医療事故について謝罪する山根孝久・副院長(右から2人目)と西上和伸・総務部長(同3人目)ら(14日午前、大阪市役所で)

 大阪市立総合医療センター(大阪市都島区)で昨年9月、生後2か月の女児に、医師が気管に空気を送るチューブを誤って食道に入れ、女児の脳に重い障害が残った事故で、同センターの幹部が14日、市役所で記者会見し、謝罪した。

 会見には事故調査を担当した山根孝久・副院長ら4人が出席。西上和伸・総務部長は冒頭、「患者さまやご家族には深くおわび申し上げます」と述べ、全員で頭を下げた。

 同センターなどによると、女児は心臓に持病があり、昨年9月19日に手術。気管にチューブを通し、人工呼吸を受けていた。

 集中治療部の30代の男性医師2人は同22日午後2時50分、回復具合を確かめるためチューブを出し入れした際、誤って食道にチューブを入れた。

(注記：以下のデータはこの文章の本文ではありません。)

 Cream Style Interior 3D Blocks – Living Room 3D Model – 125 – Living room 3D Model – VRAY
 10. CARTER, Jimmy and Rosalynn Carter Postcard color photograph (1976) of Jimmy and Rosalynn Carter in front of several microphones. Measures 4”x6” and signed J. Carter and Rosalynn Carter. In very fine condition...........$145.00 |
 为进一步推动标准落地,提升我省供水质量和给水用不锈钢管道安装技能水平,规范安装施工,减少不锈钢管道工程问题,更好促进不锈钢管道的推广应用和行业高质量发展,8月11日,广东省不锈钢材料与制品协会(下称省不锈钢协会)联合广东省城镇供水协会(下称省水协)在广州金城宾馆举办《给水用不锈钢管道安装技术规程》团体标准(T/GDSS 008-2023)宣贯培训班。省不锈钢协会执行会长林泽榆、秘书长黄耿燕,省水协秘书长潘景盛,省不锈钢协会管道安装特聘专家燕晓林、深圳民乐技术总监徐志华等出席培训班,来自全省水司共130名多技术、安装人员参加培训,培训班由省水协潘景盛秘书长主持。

女児の心拍や血圧が下がり、チューブを複数の医師で確認したが、「気管に正しく入っているように見える」と判断した。

 午後4時10分には、気管支内を映すカメラではチューブが食道に入っていることを認めたが、挿管の手続きは正しく行われたため気管に入れたと判断し、チューブを抜かなかった。ただ、肺に十分な空気が届いていることを示すデータを確認できず、午後4時50分頃に最終的に正しく入れ直したという。

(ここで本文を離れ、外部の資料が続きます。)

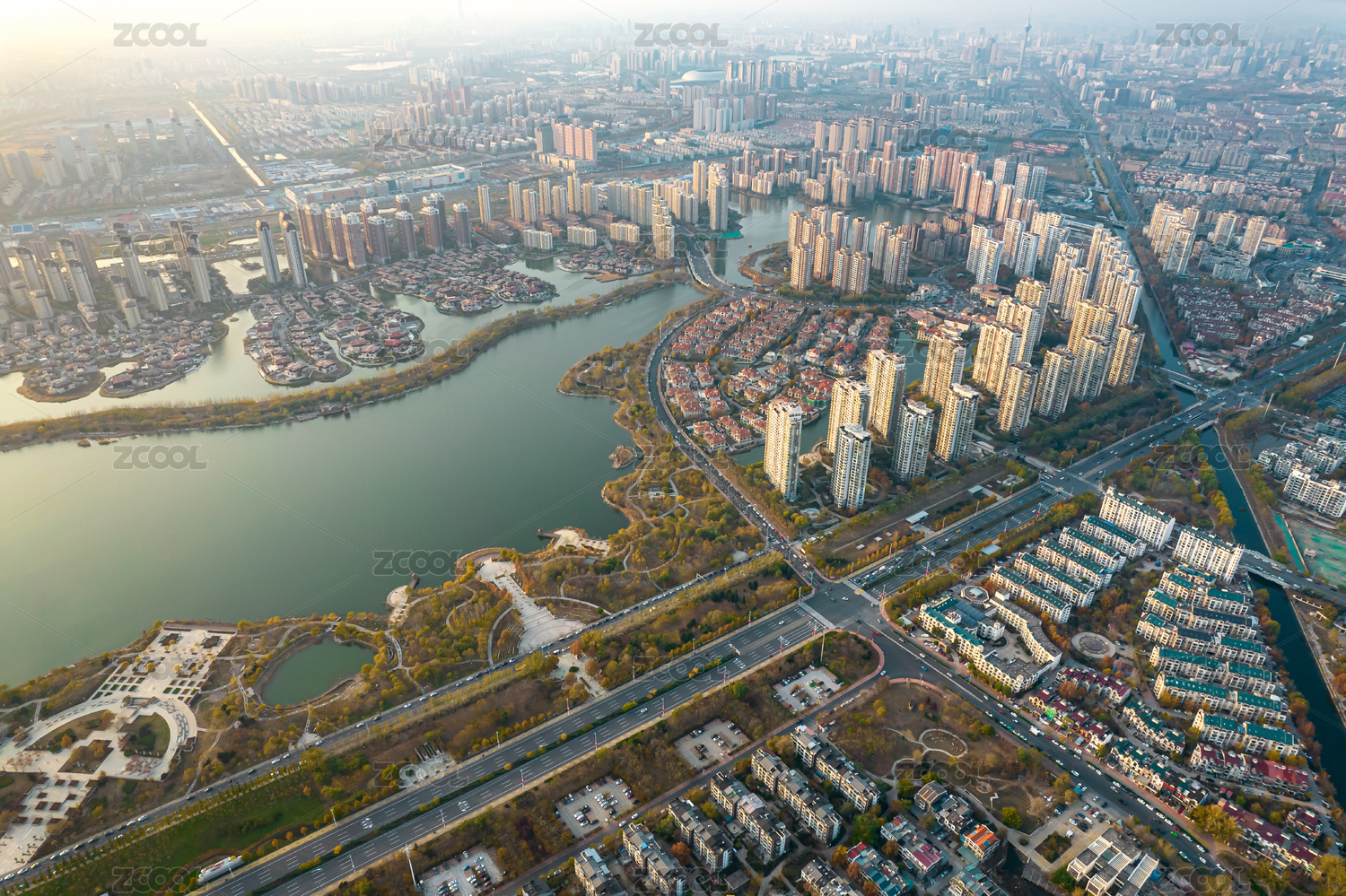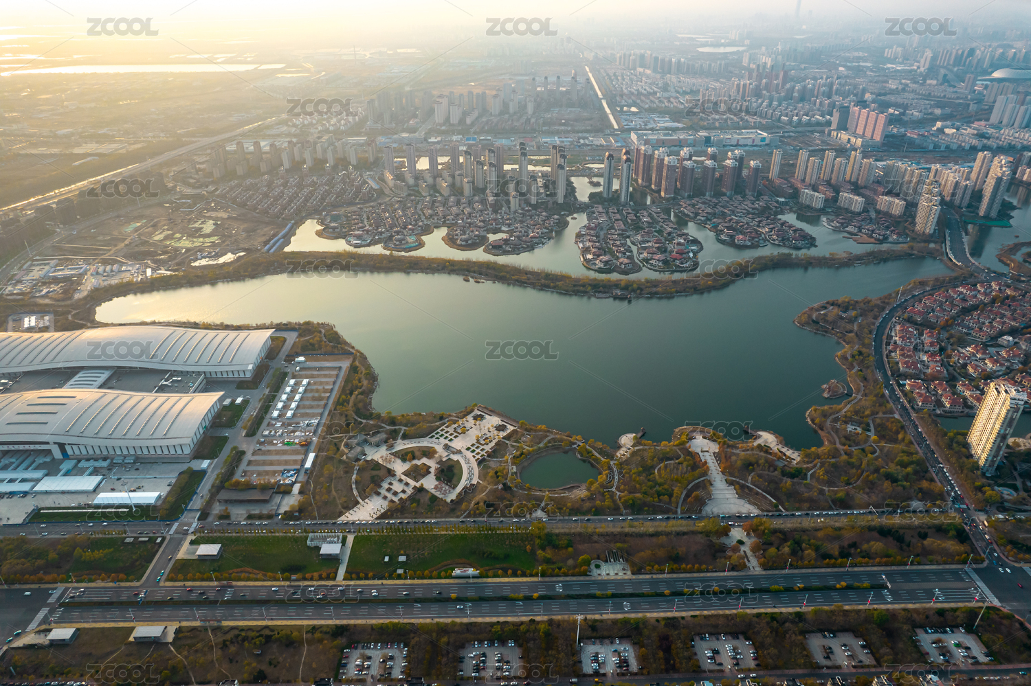 中国天津梅江会展中心梅江公园日落城市风景

 2時間にわたって女児に酸素が送り込めず、その間、心臓は29分間停止。医師らは蘇生措置を施したが、女児は低酸素脳症に陥り、脳に重い後遺症を負った。山根副院長は「(正しく入っているとの)過信があった。疑いがあれば早期にチューブを抜くよう再発防止を徹底する」と述べた。

 女児は集中治療室で治療中で、回復のめどは立っていない。山根副院長は「視覚や聴覚、運動機能などに重度の障害が残る可能性がある」と話した。